Chen Zihao, Hu Long, Zhang Bao-Ting, Lu Aiping, Wang Yaofeng, Yu Yuanyuan, Zhang Ge
School of Chinese Medicine, The Chinese University of Hong Kong, Hong Kong, China.
Law Sau Fai Institute for Advancing Translational Medicine in Bone & Joint Diseases, School of Chinese Medicine, Hong Kong Baptist University, Hong Kong, China.
Int J Mol Sci. 2021 Mar 30;22(7):3605. doi: 10.3390/ijms22073605.
Aptamers are short single-stranded DNA, RNA, or synthetic Xeno nucleic acids (XNA) molecules that can interact with corresponding targets with high affinity.

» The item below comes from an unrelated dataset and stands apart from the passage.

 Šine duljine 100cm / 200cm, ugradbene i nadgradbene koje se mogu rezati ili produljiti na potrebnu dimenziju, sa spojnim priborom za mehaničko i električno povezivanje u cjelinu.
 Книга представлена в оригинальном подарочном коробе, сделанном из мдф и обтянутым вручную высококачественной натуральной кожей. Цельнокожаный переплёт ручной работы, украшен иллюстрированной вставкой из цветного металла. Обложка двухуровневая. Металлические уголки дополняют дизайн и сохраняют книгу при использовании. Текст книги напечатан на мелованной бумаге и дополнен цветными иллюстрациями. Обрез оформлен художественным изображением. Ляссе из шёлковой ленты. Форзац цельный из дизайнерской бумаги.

Owing to their unique features, including low cost of production, easy chemical modification, high thermal stability, reproducibility, as well as low levels of immunogenicity and toxicity, aptamers can be used as an alternative to antibodies in diagnostics and therapeutics. Systematic evolution of ligands by exponential enrichment (SELEX), an experimental approach for aptamer screening, allows the selection and identification of in vitro aptamers with high affinity and specificity. However, the SELEX process is time consuming and characterization of the representative aptamer candidates from SELEX is rather laborious. Artificial intelligence (AI) could help to rapidly identify the potential aptamer candidates from a vast number of sequences. This review discusses the advancements of AI pipelines/methods, including structure-based and machine/deep learning-based methods, for predicting the binding ability of aptamers to targets. Structure-based methods are the most used in computer-aided drug design. For this part, we review the secondary and tertiary structure prediction methods for aptamers, molecular docking, as well as molecular dynamic simulation methods for aptamer-target binding. We also performed analysis to compare the accuracy of different secondary and tertiary structure prediction methods for aptamers. On the other hand, advanced machine-/deep-learning models have witnessed successes in predicting the binding abilities between targets and ligands in drug discovery and thus potentially offer a robust and accurate approach to predict the binding between aptamers and targets. The research utilizing machine-/deep-learning techniques for prediction of aptamer-target binding is limited currently. Therefore, perspectives for models, algorithms, and implementation strategies of machine/deep learning-based methods are discussed. This review could facilitate the development and application of high-throughput and less laborious in silico methods in aptamer selection and characterization.
适体是短的单链DNA、RNA或合成的异种核酸(XNA)分子,能够与相应靶标进行高亲和力相互作用。由于其独特的特性,包括生产成本低、易于化学修饰、热稳定性高、可重复性以及低免疫原性和毒性,适体可作为诊断和治疗中抗体的替代品。指数富集配体系统进化技术(SELEX)是一种用于适体筛选的实验方法,能够选择和鉴定具有高亲和力和特异性的体外适体。然而,SELEX过程耗时,且从SELEX中表征具有代表性的适体候选物相当费力。人工智能(AI)有助于从大量序列中快速识别潜在的适体候选物。本综述讨论了AI流程/方法的进展,包括基于结构的方法以及基于机器学习/深度学习的方法,用于预测适体与靶标的结合能力。基于结构的方法在计算机辅助药物设计中使用最为广泛。对于这部分内容,我们综述了适体的二级和三级结构预测方法、分子对接以及适体-靶标结合的分子动力学模拟方法。我们还进行了分析,以比较不同适体二级和三级结构预测方法的准确性。另一方面,先进的机器学习/深度学习模型在药物发现中预测靶标与配体之间的结合能力方面取得了成功,因此有可能提供一种强大而准确的方法来预测适体与靶标之间的结合。目前利用机器学习/深度学习技术预测适体-靶标结合的研究有限。因此,本文讨论了基于机器学习/深度学习方法的模型、算法和实施策略的前景。本综述有助于高通量且省力的计算机模拟方法在适体选择和表征中的开发与应用。